In French, the injury victim, Karen French, was shot during a robbery attempt at a parking garage in New Orleans and was rendered a quadriplegic. She brought suit against the owners of the parking garage on a negligent security cause of action.
At the time of the shooting, she was covered by a group health care plan but subsequently lost the coverage and was dependent on Medicaid. The case was settled in November of 1998. In July of 1999, French consulted an attorney about setting up a special needs trust. The attorney advised her that she would lose her Medicaid eligibility since the settlement was deposited into the plaintiff attorney’s trust account. Following this discovery, French brought suit against the personal injury lawyer for legal malpractice, negligent misrepresentation, breach of contract and breach of fiduciary duty.

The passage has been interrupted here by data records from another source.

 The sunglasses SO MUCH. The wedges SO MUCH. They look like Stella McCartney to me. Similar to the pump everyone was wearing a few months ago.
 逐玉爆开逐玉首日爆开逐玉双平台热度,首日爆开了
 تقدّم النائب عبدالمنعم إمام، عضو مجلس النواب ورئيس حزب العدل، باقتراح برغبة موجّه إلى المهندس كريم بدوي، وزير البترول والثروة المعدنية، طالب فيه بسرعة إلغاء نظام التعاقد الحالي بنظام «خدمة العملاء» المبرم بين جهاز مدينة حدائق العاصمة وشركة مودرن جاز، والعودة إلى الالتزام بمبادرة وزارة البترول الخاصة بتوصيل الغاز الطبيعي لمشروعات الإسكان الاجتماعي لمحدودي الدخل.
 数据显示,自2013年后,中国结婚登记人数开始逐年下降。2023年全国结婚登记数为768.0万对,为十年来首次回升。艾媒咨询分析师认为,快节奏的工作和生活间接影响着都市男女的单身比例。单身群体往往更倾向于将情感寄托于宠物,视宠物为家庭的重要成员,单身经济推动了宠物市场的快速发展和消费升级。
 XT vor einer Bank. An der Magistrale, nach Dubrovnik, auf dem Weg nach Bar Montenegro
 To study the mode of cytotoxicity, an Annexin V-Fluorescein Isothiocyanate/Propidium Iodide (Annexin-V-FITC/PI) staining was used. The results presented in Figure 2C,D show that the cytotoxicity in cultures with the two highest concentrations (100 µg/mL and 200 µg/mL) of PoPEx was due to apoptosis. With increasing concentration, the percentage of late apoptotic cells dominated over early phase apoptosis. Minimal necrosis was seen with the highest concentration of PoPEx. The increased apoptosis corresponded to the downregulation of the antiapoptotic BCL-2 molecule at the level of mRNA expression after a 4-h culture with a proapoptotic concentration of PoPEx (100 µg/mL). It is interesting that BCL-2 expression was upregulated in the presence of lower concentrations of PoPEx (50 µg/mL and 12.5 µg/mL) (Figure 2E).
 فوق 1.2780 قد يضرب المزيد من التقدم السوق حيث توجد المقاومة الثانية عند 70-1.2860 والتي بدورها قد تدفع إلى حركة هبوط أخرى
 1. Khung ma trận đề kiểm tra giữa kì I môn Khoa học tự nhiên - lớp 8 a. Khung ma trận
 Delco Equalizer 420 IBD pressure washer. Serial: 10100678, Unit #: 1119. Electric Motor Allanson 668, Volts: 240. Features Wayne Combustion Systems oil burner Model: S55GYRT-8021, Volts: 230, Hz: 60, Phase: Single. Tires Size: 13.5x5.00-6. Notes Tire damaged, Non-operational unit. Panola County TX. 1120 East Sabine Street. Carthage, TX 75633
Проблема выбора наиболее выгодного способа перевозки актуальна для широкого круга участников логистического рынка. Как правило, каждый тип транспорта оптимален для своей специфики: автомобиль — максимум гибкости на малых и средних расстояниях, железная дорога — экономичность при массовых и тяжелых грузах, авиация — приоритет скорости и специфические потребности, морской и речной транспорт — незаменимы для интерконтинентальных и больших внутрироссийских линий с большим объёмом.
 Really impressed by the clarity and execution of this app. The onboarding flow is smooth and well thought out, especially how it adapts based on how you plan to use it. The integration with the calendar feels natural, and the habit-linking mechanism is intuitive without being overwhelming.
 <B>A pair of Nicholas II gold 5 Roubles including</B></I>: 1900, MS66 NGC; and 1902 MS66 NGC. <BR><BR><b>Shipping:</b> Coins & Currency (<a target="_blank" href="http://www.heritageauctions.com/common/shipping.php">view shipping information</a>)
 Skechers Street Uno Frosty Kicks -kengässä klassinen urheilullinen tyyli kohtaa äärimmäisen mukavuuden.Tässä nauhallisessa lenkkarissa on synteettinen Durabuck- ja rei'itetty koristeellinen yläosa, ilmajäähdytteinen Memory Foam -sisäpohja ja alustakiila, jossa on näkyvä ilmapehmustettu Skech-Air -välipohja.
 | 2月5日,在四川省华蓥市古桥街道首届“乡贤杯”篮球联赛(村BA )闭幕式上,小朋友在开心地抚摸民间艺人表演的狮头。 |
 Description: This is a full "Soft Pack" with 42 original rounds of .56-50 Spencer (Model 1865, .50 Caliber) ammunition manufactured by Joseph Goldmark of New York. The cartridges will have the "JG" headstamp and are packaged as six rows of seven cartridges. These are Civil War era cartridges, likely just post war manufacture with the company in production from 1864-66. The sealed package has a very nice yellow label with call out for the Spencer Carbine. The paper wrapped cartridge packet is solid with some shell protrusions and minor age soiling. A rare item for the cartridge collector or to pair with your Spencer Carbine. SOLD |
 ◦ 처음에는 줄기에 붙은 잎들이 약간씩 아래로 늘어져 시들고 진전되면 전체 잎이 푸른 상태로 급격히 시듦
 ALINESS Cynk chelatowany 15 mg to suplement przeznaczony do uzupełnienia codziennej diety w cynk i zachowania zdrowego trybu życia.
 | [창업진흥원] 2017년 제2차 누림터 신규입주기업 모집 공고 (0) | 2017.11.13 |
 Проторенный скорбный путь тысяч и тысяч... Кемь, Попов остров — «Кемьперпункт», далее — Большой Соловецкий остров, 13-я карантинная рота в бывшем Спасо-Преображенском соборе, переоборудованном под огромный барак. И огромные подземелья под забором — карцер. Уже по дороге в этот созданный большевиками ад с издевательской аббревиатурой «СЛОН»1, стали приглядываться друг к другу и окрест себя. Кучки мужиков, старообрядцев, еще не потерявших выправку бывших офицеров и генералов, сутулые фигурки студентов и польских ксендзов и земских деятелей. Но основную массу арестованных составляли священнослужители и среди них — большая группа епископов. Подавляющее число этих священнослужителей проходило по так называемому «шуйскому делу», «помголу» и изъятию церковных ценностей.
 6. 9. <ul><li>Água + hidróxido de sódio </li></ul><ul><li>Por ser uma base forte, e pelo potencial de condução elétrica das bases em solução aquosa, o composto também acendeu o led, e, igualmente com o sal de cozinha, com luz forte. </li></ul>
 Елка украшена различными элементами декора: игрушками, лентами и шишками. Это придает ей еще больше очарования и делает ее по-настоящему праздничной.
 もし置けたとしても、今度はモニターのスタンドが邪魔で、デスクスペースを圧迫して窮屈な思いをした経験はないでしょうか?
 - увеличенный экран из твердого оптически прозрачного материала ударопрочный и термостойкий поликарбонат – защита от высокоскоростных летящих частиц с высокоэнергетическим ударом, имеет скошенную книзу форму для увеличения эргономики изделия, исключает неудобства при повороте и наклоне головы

Ultimately the French case was not decided upon the merits of her claim against her personal injury attorney but instead on a personal jurisdiction issue. Ms. French hired a Texas lawyer to handle the claim who in turn associated with local Louisiana counsel since suit needed to be filed in Louisiana.
The legal malpractice action was brought in Texas against the Louisiana attorney which raised personal jurisdiction issues. There appeared to be some factual dispute between French and her personal injury attorney over what had been recommended in terms of setting up a special needs trust but it again demonstrates the potential malpractice liability for failing to properly and fully advise clients about the impact of the settlement on their financial situation and public benefit eligibility.
Finally, the American Bar Association released its report on the Profile of Legal Malpractice Claims in 2003 and personal injury lawyers made up the largest percentage of malpractice claims, twenty percent. Advice and settlement/negotiation made up over twenty-three percent of the claims overall. When those two categories are combined they are tied for first in terms of the highest claims by type of activity in the study.
While the report does not specify, it is logical to conclude that claims of failing to give advice about financial options, taxation of damages and preservation of public benefits would squarely fall within the purview of advice as well as settlement/negotiation malpractice claims.
This statement is based on the author’s personal experience and observations in countless cases. However, the author acknowledges that practices do vary considerably in this area. Some trial lawyers may simply refer a client to a financial advisor or a local bank. Others may employ a settlement planner with expertise in structured settlements and public benefit preservation techniques. See also Ellen S. Pryor, Liability for Inchoate and Future Loss After Judgment, Va. L. Rev., 1758, 1813 – 1827 (2002) (concluding that practices vary considerably in terms of advisement by the trial lawyer regarding financial obligations at settlement).